Saleh was rushed to Saudi Arabia in June for emergency medical treatment at the height of the uprising. Since he left, the country has been in a kind of limbo, with both the protesters demands and the question of who will succeed Saleh unresolved.
If he stays in Saudi without relinquishing power, it will sink Yemen deeper into political uncertainty and perpetuate a security vacuum which al-Qaida-linked militants have already taken advantage, capturing and holding towns in the nearly lawless south of the country.
Saleh's deputy, Vice President Abed Rabo Mansour Hadi, is nominally in charge in Saleh's absence. But the real power on the ground appears to be Saleh's son Ahmed, who controls the country's best trained military forces and the powerful Hashid tribal confederation, which
opposes the regime.
The government officials said Saleh was in daily contact with Ahmed, his son, tribal leaders loyal to him and top military officers. Ahmed Saleh himself was assuming some of his father's duties, receiving tribal envoys at his Sanaa office and spending some of his time at the presidential palace. Hadi, meanwhile, continues to work from home or the defense ministry.

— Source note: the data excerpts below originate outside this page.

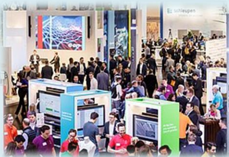
E-world2109 展示会場風景 ※公式HPより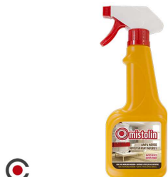
LIMPA MOVEIS ANTISTÁTICO 360ML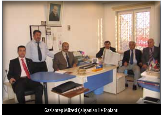
Gaziantep Müzesi Çalışanları ile Toplantı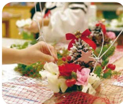
【ハンドメイド・ものづくり】 No.55 かわいいフラワーアレンジ作り 講師：大和田広実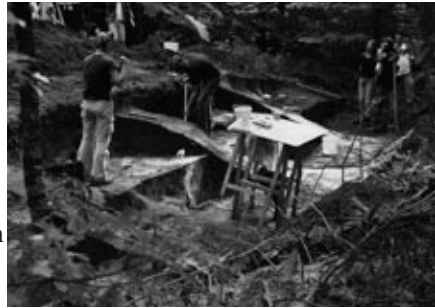
Grafhevel op landgoed Prattenburg.

Archeologen van bureau Archol onderzochten in oktober de omgeving van het toekomstige multifunctionele centrum in Elst. Zolang de bouw in 't Bosje voortgaat, staan de oudheidkundigen paraat om in dit interessante gebied boringen te verrichten of proefsleuven te graven. Leden van de WAR brachten een bezoek en maakten wat foto's van een proefsleuf met daarin een kringgreppel, die verdacht veel deed denken aan de greppels die in een bepaalde periode van de prehistorie rond een grafhevel waarschijnlijk de grens tussen de wereld der levenden en het rijk der doden aangaven. Niet ver er vandaan leken paalkuilen te wijzen op misschien een spieker, een graanpakhuis. Eens te meer een vermoeden of zelfs het bewijs dat Elst al sedert de prille prehistorie een aangenaam oord is om te wonen.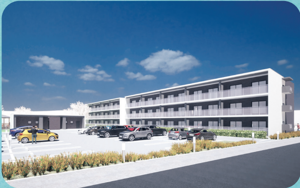
※写真は完成イメージのため実物とは多少異なります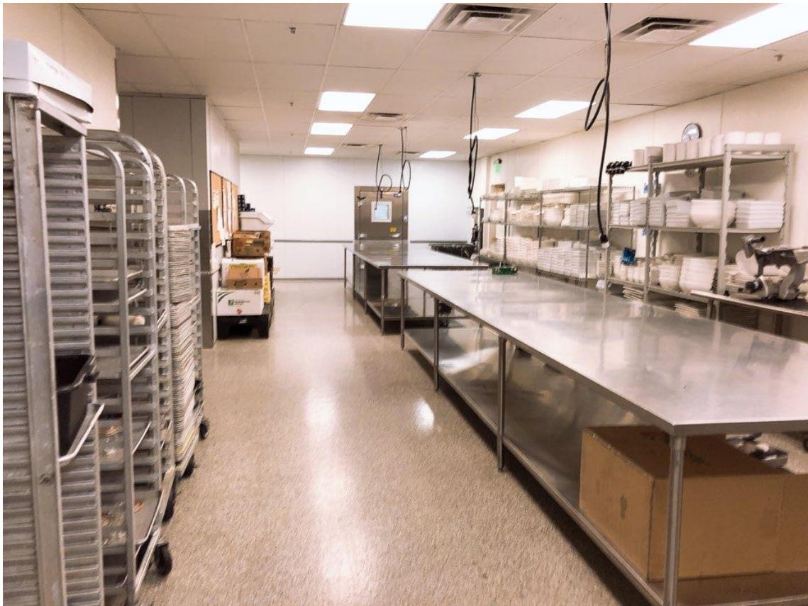
<사진 15> Banquet 주방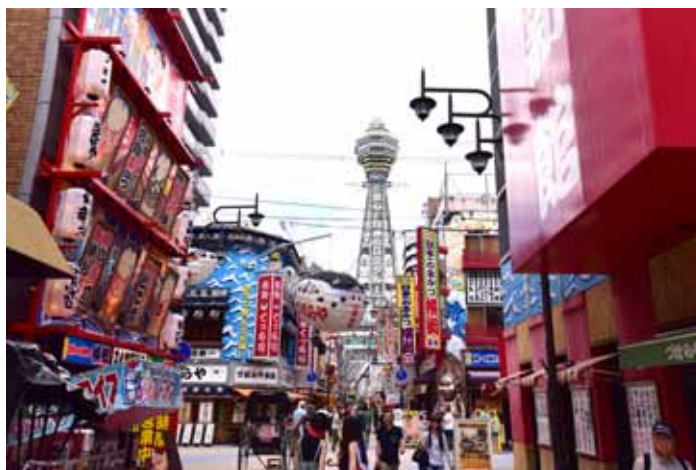
大阪市・新世界 通天閣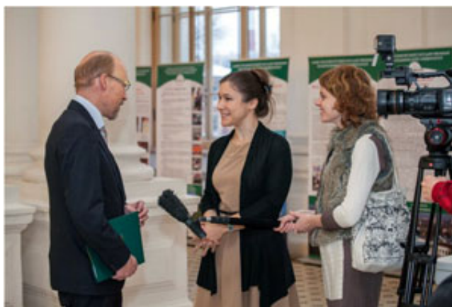
Интервью Филиппа Нобеля

"The vice president really does very little and has limited authority," said one of the Yemeni government officials. "It is the president's son Ahmed and his nephews who run the country."
A Western diplomat who recently met with Saleh's son Ahmed said a long line of tribesmen and others waited outside his office to see him and that he was lavishing cash gifts on some of them. Patronizing tribesmen has been a hallmark of Saleh's 33 years in power, a practice that secured him support he often used against his critics.

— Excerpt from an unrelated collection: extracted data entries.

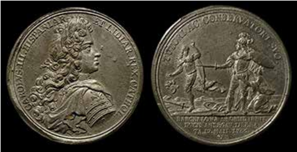
Medalla commemorativa de l'alliberament del setge de Barcelona 1706

El dia 15 de maig va tenir lloc a la catedral de Barcelona una solemne processó amb l'assistència del rei Carles, el bisbe de Solsona amb els abats, el capítol de la catedral, tot el clergat, generals i consellers de la ciutat, diputats, Reials Guàrdies Catalanes i una representació dels gremis portant ciris encesos. Amb tal motiu es va decretar per primer cop des que van començar els atacs, el toc de campanes de totes les esglésies i les de totes les ciutats i pobles del Principat. Catalunya celebrava que havia guanyat la batalla, però no va guanyar la guerra.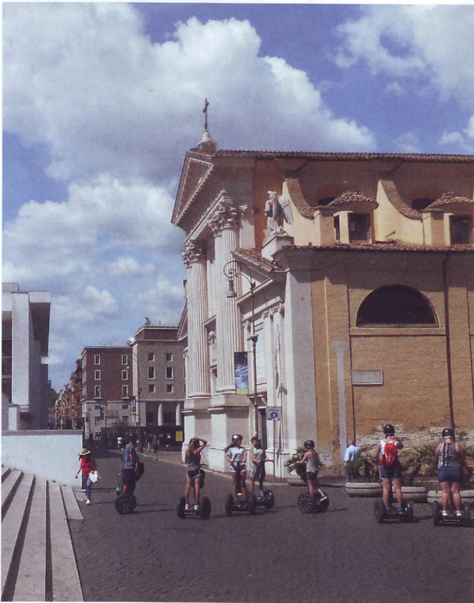
Ara Pacis och San Rocco kyrkan.

Vad är det som först slår en besökande till Svenska Institutet i Rom? Är det den breda trappan som leder upp till grinden? Eller den strama fasaden med tegel som skiftar i färg alltefter som solen ligger på? Och om man så bara kastar ett öga på några av byggnaderna i närheten, till exempel Rumänska institutet eller Brittiska skolan, märker man snabbt att här som så ofta i Rom har klassiskt och modernt fått samsas. Och det kan gälla både hela byggnadsstilen och de små detaljer som tillsammans skapar ett helhetsintryck för såväl Roms invånare som för studenter och turister.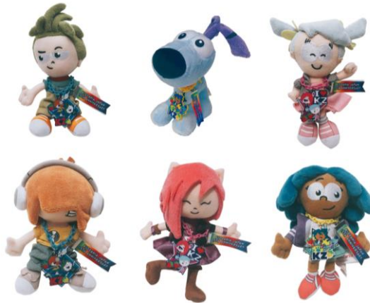
限定キーホルダー付ぬいぐるみ 価格：1,690円（税込み）

The diplomat spoke on condition of anonymity, also because of the sensitivity of the subject.
Saleh was severely burned over large parts of his body in a June 3 attack on his compound in Sanaa, Yemen's capital. He also had chunks of splintered wood embedded in his chest.

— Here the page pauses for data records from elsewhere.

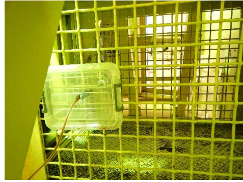
Figure 2. 実験に参加していないチンパンジーもジュースが飲めるように器具を設置した。他のチンパンジーが実験参加者の邪魔をしないようにするためである。

「野生動物学のすすめ」では、WRC を紹介するブースを出展した (Fig. 4)。ブースでは、WRC の学生の活動を紹介する冊子の配布や、粘土で動物の体をつくる体験コーナーを設けた (Fig. 5)。動物の特徴的な身体部位 (例：ゾウの鼻・キリンの角) を隠した台紙の上に、粘土でその身体部位を作ってもらった。このような体験を通じて、動物の体についてより深く知ってもらおうことを目指した。粘土を使って実際に手を動かしてもらえるようにしたことで、子どもたちに楽しんでもらったのではないかと思う。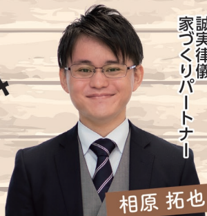
誠実律儀 家づくりパートナー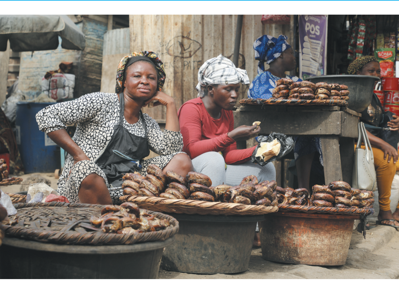
2月16日，商贩在尼日利亚拉各斯的一个市场售卖烟熏鱼。

After his release from two months in the hospital on nday, he was moved to a residence in Riyadh to continue recuperating. There has been no indication if, or when, he might return home.
Saleh has on three occasions announced he was ready to accept proposals by Saudi Arabia and its Gulf Arab allies to defuse the political crisis, but he has backed off at the last minute.
Saudi Arabia, Yemen's top foreign backer, and its five oil-rich allies in the Gulf Cooperation Council are worried that if their impoverished neighbor plunges deeper into chaos al-Qaida and other militant groups like it could pose a serious threat to the safety of the area.
The plan provided for Saleh to hand over power to his deputy in exchange for immunity from prosecution. The country's traditional opposition parties, a collection of Islamist, leftists and tribal-based groups, have accepted the plan but leaders of the street protests have rejected it, insisting that Saleh must step down unconditionally and be prosecuted.